Operations

UMass Amherst offers 12 new on-campus food stations

From vegan to gluten-free, this campus offers a little bit of everything.

Sept. 12—David Placzek selects raw vegetables from a food counter and drops them into a bowl. In go pieces of onion, rounds of squash, broccoli florets, and slices of colorful bell peppers. He hands it to a chef at a wok, and asks for chicken with spices. In minutes, Placzek’s steaming stir-fried lunch is ready to eat.

The 21-year-old University of Massachusetts-Amherst senior has just visited one of 12 food stations in the newly renovated Hampshire Dining Commons. He might have also sampled made-to-order sushi, rotisserie chicken, gluten-free enchiladas, blackened tilapia, vegetable spaghetti casserole, and more. “I love how many options the dining commons always have out,” Placzek e-mails later.

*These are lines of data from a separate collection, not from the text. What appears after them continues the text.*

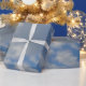 Este diseño de papel envolvente presenta una foto de nubes blancas y grises, junto con el cielo azul.
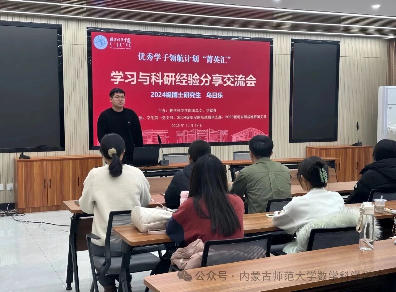 为发挥先进典型的示范引领作用,推动党建带团建有效落实,博士生党支部联合员工第一党支部、明安图基地班团支部启动“优秀学子领航计划”,由“全区高校研究生党员标兵”、2024级博士研究生、博士研究生党支部组织委员乌日乐分享了科研与学习经验,并与在座的同学们进行了交流。
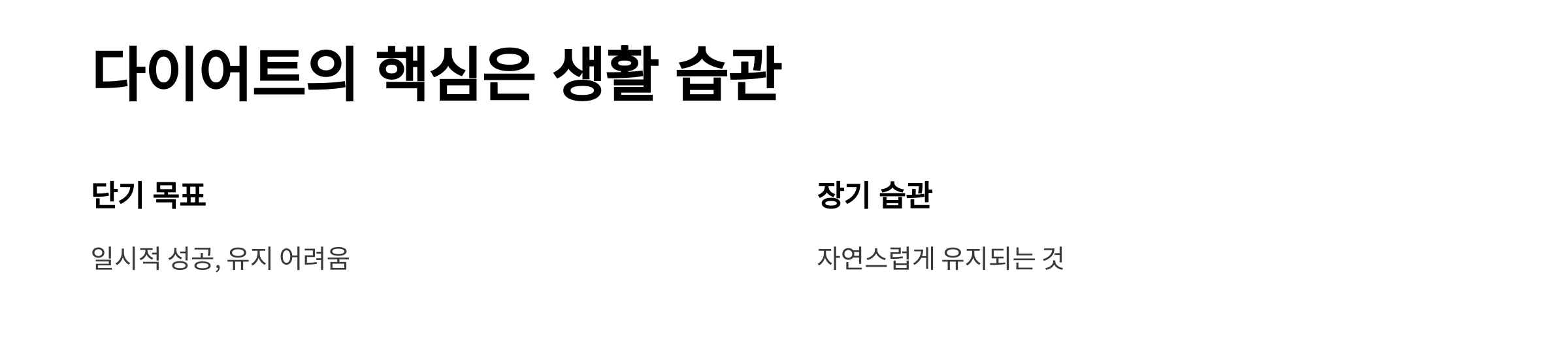 | 목표 체중 도달 후 원래 생활로 복귀 | 건강한 생활 습관을 지속적으로 유지 |
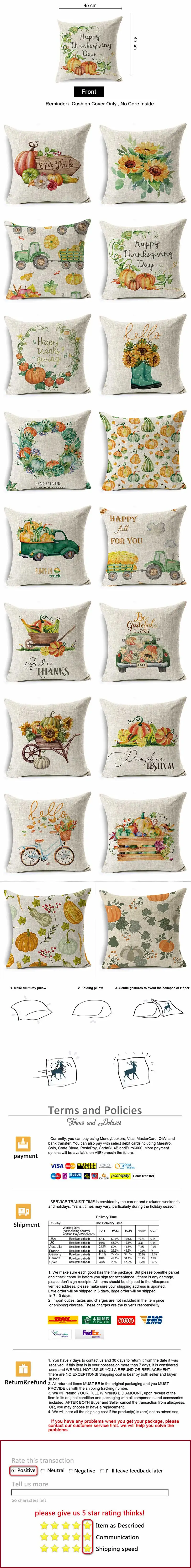 Наволочки для подушек на День Благодарения, изображение тыквы, грузовика, урожая, Деревенское искусство, Декор, наволочка для дивана, для дома, осень 45*45 см
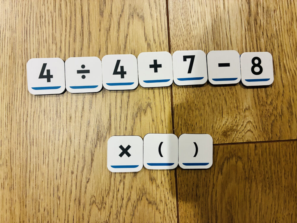 全員が数字チップを引いたら、スタートの合図とともに、答えが0になる数式を作りましょう。
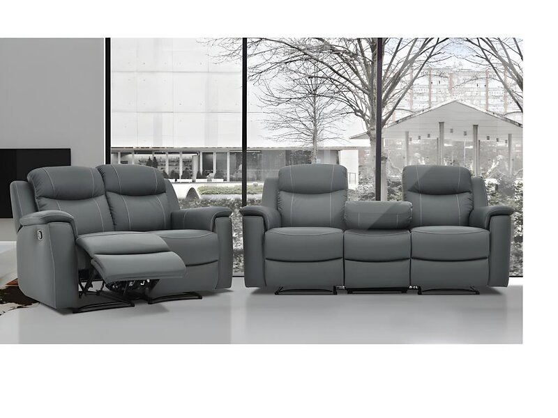 Vente Unique Canapés 3 places et 2 places relax EVASION en cuir gris plateau bar

Last month UMass-Amherst was ranked No. 3 in The Princeton Review’s top 20 for the Best Campus Food list. Findings are based on a recent survey of 126,000 students at 378 colleges. (In 2003, UMass-Amherst food was so bad it made the top 20 list for “Is it Food?”) What distinguishes the dining options now, according to nutritionists and food service representatives, is its commitment to healthy and sustainable food. The campus has four main dining commons, but it is Hampshire, which opened Aug. 6 after nine months and a $15.5 million renovation, that the university hopes will be a model for others around the country.